I had established the habit of spending time in intense interaction with the children. When we came into the house, adult conversations were interrupted by our children bouncing up and down, shouting, “Daddy! Daddy!” Dropping legal issues immediately, I got down on the floor, entering into their play, with dolls, with building blocks, and simply with imagination. I had the ability to leave the intensity of law work behind instantly and enter into the mind and games of small children.

The double life I led saved me from some of the excesses of the law world. Being a father to small children gave me the experience of unconditional love and a deeper sense of connection to other 35beings than I had ever felt before.
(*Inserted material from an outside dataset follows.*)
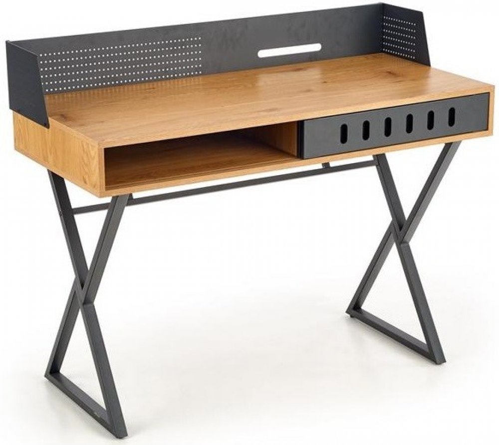 Psací stůl v barevné kombinaci zlatý dub a černá se hodí do kanceláří, domácích pracoven, studentských a dětských pokojů apod.

It also gave me exposure to the frustration that comes from dealing with irrational beings who are unresponsive to reason.

I did not think about cultivating wisdom at this time. The word wisdom was hardly in my vocabulary. But as I look back, I can see that I was beginning to practice wisdom, instinctively and without a plan, as I found that my family life was calling me into a life of balance, building the resources of the heart as well as the head. It helped blunt my lawyers’ tendency to self-importance and to see the world as fitting neatly into logical frameworks. The time I spent with my children taught me a lesson in the limited effectiveness of logic and rules. I had certainly not planned on having my first child when I was twenty-one years old, but this proved in many ways to be a fortunate accident.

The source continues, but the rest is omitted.